Work order —
Using the entries that follow, report how many lines contain the word "with". Only the number is wanted.

Input material —
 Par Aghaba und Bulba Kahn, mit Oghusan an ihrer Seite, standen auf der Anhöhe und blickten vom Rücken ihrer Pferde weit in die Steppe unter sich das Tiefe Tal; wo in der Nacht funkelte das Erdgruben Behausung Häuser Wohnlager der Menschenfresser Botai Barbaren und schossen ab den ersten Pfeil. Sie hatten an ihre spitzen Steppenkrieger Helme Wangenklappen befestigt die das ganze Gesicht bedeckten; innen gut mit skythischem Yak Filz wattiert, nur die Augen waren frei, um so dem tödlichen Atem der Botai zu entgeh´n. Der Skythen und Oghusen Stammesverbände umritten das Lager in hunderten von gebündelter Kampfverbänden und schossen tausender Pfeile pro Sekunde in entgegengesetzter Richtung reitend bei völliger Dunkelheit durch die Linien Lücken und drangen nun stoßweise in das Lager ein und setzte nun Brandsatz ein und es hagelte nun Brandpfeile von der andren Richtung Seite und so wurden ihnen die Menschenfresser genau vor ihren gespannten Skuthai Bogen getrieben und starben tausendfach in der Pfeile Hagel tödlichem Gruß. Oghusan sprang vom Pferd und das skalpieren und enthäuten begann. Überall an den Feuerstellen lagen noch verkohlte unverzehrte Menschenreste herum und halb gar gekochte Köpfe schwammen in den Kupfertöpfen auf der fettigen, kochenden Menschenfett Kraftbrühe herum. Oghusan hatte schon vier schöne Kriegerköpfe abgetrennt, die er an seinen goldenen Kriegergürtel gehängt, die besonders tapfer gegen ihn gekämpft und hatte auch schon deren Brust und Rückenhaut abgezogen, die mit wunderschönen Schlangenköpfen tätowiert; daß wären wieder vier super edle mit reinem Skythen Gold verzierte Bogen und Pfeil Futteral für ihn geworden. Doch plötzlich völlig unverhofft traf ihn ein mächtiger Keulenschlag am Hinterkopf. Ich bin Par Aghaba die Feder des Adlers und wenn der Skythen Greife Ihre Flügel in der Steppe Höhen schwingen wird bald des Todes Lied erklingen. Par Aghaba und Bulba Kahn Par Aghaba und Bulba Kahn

...

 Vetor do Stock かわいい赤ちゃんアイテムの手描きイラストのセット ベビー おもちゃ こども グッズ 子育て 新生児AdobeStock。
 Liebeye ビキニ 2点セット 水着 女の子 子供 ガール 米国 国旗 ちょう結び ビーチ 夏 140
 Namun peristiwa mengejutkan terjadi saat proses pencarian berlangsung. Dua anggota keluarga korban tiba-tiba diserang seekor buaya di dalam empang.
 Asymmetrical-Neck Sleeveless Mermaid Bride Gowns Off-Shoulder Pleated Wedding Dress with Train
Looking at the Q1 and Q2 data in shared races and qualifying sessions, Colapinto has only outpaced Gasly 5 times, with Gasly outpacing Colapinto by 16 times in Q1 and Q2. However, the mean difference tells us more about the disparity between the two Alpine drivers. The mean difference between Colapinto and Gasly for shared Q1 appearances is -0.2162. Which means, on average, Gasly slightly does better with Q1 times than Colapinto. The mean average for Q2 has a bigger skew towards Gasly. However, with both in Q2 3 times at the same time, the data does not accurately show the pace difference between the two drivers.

Worked solution —
2